Details details details

April 30, 2014

I’m no fan of Metadata I can assure you.  Or the method Omeka requires its users to enter it.  They could at least offer an auto-fill option.  According to my observations, so much of the metadata one enters for these online exhibits is repetitive.  Many documents, graphs, still images etcetera a user would enter for an exhibit have at least a few of the same characteristics.  Providing auto-fill is the least they could offer.  I would also like to be able to edit more than one item at the same time.  If all my time wasn’t being spent on entering stupid metadata I would look into sending feedback to Omeka.  My exhibit contains several documents from the same source, are the same format, same description, creator, contributor etc etc.  Imagine how easy it would be to enter those things all at one or with an auto-fill.  Also, when adding an item, the user enters the “Dublin Core” metadata, clicks save, then we need to click edit item to add the file itself, click save, click another tab to add tags…. NOT USER FRIENDLY.

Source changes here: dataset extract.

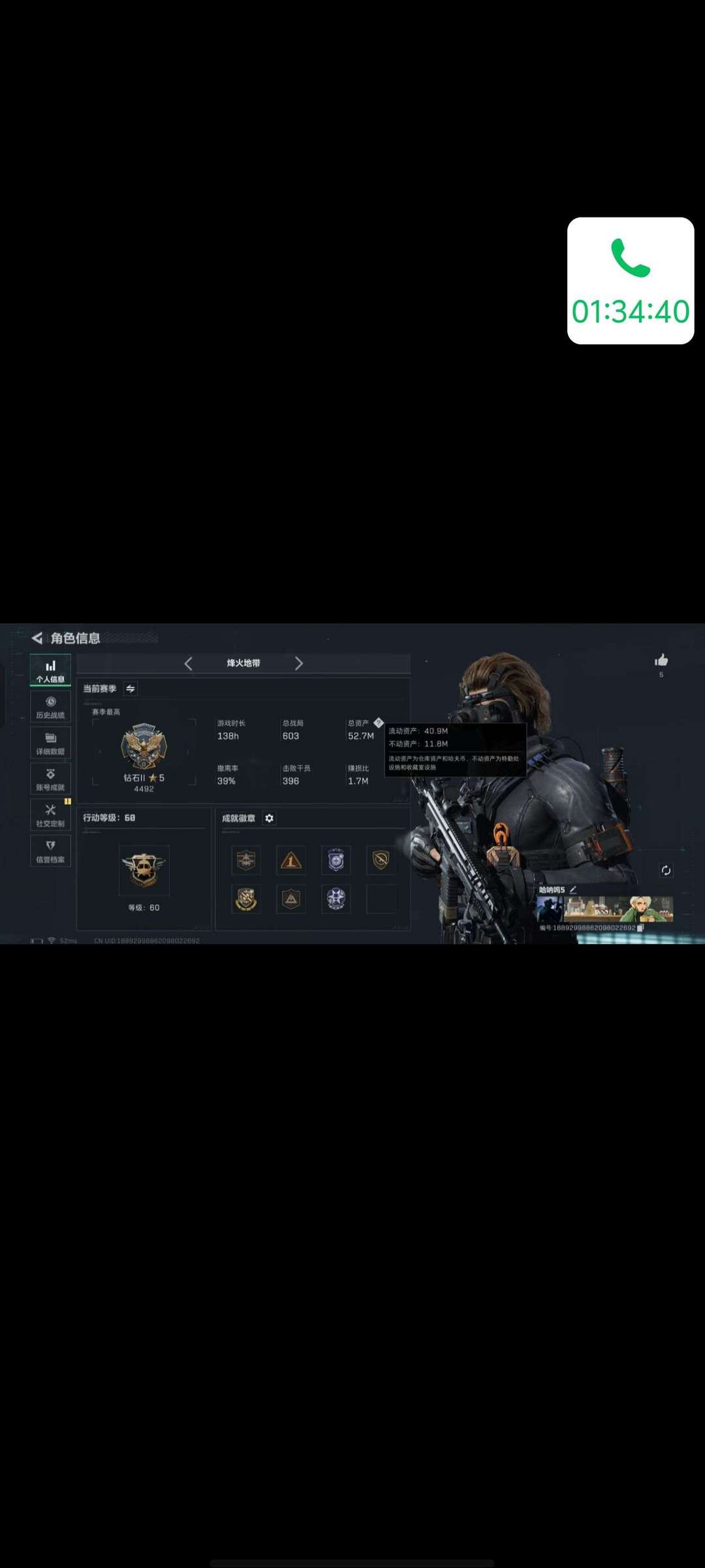 装备描述:60级。训练中心6级靶场6级。封号扣押金时租高是因为有人开挂玩,高押金介意勿扰(封号扣押金) 冻结等3分钟。再登录就可以。如果等了几分钟还是冻结的话,就撤单。

But as we continue to load files, or items, into our exhibits, we deepen our understanding of the trials and tribulations of those who lived and died during the atrocity of the grossly misnomered Civil War.

I’ll take text mining, thank you.  When it comes to counting words, finding frequencies and patterns on a large scale, relying on text mining is the way to go.  For studying these qualities or to research the history of the usage of words I would use a computer program like Google Ngram or Voyant to do the work for me.  Corpora, which is Latin for bodies, is a similar program from Brigham Young University which seems to have information on every word ever uttered or printed.  Programs such as these can summarize the text and count the unique words, the frequency of repeated words, word trends, keywords in context, provide historical information about a word, and the user can even use a provided tool which will take out so called ‘stop words’ – common usage words that have no bearing on the study of the text.  Words such as and, but, as, then, with, to, etc etc are considered stop words.  Also, if you so choose, some of these programs can create a word cloud to turn the results of your text mining into a visual tool that brings an aesthetic value to the search. Like this:text miningBUT if I am looking for comprehension of the document, or context or meaning, I will need to read it myself, because computers cannot read.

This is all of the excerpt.